Il nuovo porto sotterrerà sotto migliaia di metri cubi di cemento quel po' che resta di questo. Ma non sembrano in molti a preoccuparsene. E, d'altra parte, perché stupirsi di questa insensibilità, quando tutta la città è costellata di dolorose cicatrici dovute a un tale insistente atteggiamento. Forse non è stato abbattuto Palazzo Capelluti? E il biscottificio “Pansini e Gallo” raso al suolo? E distrutte le ciminiere del cementificio Gallo e del pastificio Maldarelli? Forse che non è stato devastato il paesaggio in cui sorge il Cenobio di San Martino con quei capannoni industriali costruiti a pochi metri di distanza?
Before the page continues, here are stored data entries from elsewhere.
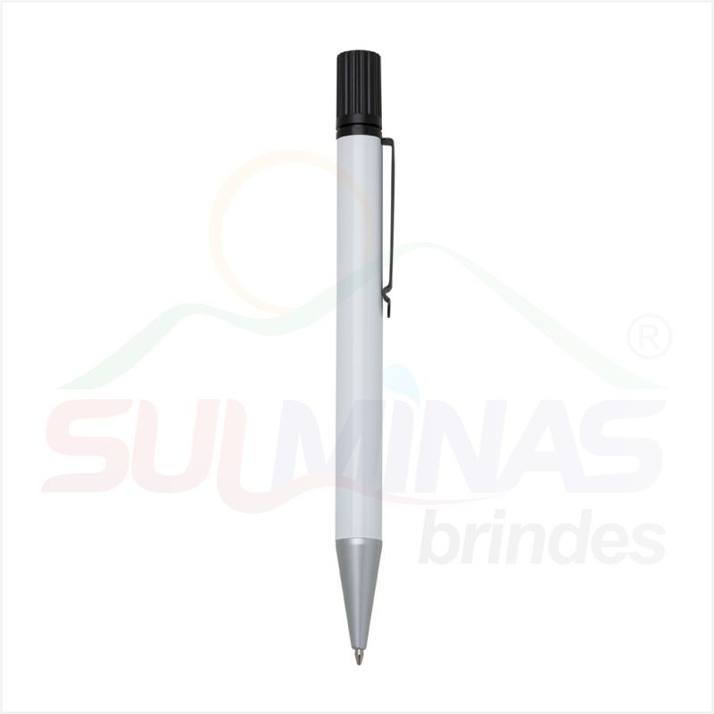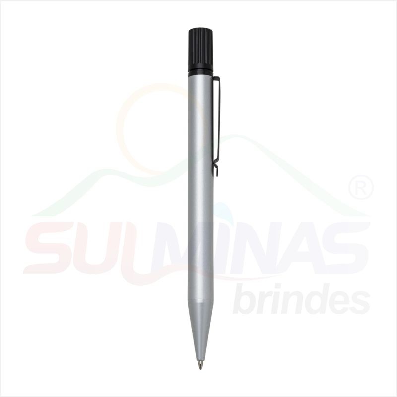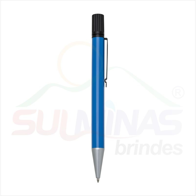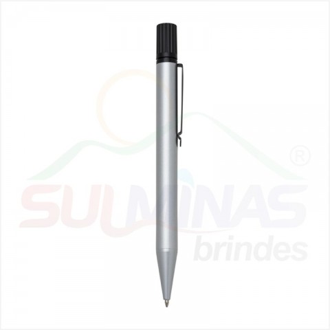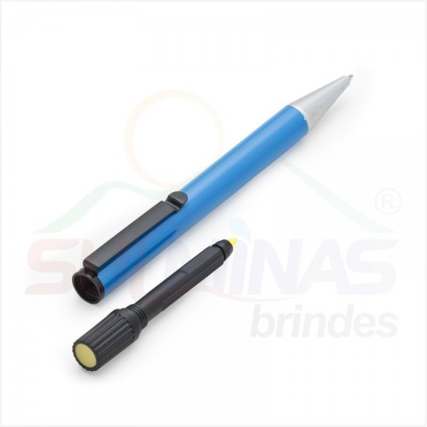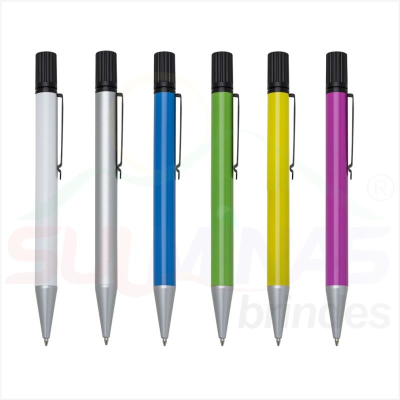 Caneta metal inteira colorida com marca texto. Clip de metal preto, para utilizar o marca texto basta desrosquear a tampa superior (possui relevo e detalhe amarelo na ponta). Esferográfica aciona segurando a ponteira e girando a caneta.
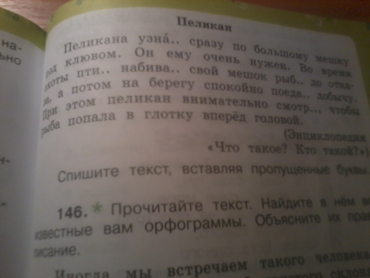 Пеликана узнаешь сразу по большому мешку под клювом.Он ему очень нужен.Во время охоты птица набивает свой мешок рыбой до отказа,а потом на берегу поедает добычу.При этом пеликан внимательно смотрит ,чтобы рыба попала в глотку вперёд головой.
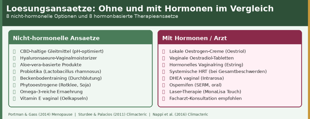 - Nicht-hormonelle Optionen realistisch einschätzen. Hyaluronsäure, Probiotika und CBD können bei milden Symptomen effektiv sein — bei schwerem GSM sind Hormone oft nötig.
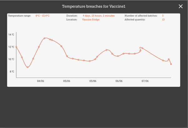 - If the breach icon (an orange triangle with an exclamation) does show for a row, this signals that the stock line has had a temperature breach. Tapping the icon will bring up a graph of the temperature breach. In the example below, the fridge seems to be broken, probably not a good idea to use this batch!

Perché stupirsi che siano in tanti quelli che di fronte alla prospettiva della cancellazione di un paesaggio in cui si identificava la nostra città (i cantieri delle barche che nascevano fra le case, la “sciala” dove si ritrovavano a mangiare Croce e Salvemini) scrollino le spalle indifferenti: è lo sviluppo, bellezza!
Beh, parliamone allora di questo sviluppo.
Si dice: bisogna creare le “autostrade del mare” e rilanciare il sistema dei porti come alternativa al traffico su gomma: si ridurrà l'inquinamento e lo scambio commerciale sarà più efficiente. E poi c'è la connessione “evidente” fra zona industriale e porto. Sono occasioni da non perdere.
E qual è il compito dei politici? Creare le condizioni dello sviluppo, mica programmare: non siamo mica in Unione Sovietica. Esternalità marshaliane, le chiamano gli economisti.
Ma c'è qualcosa che non torna in tutto questo: intanto lo stravolgimento del paesaggio, la cancellazione dei luoghi della memoria, insomma la perdita dell'identità non vengono poste in alcuna voce di bilancio. È come se la storia cancellata, i profumi dimenticati, i sapori scomparsi per non parlare dell'aria ammorbata e dell'acqua inquinata non avessero valore alcuno, non fossero costi da imputare, perdite da calcolare. Semplicemente vengono ignorate.
Eppure se una cosa avrà sempre più valore in una economia che si va smaterializzando è l'identità, la specificità. Le differenze saranno sempre più preziose in una economia sempre più piatta fatta di prodotti sempre più eguali e privi di anima. La rincorsa verso uno “sviluppo” fatto di ripetizione di modelli importati e replicati al minor costo possibile si rivelerà devastante, produrrà solo bruttezza permanente in cambio, forse, di una ricchezza effimera e apparente.
Può una comunità, in cambio di una breve illusoria ricchezza compromettere il futuro delle generazioni future? Non è una domanda da poco: significa chiedersi se la democrazia debba ispirarsi a principi di responsabilità e generosità che non sono considerati razionali dal pensiero economico dominante.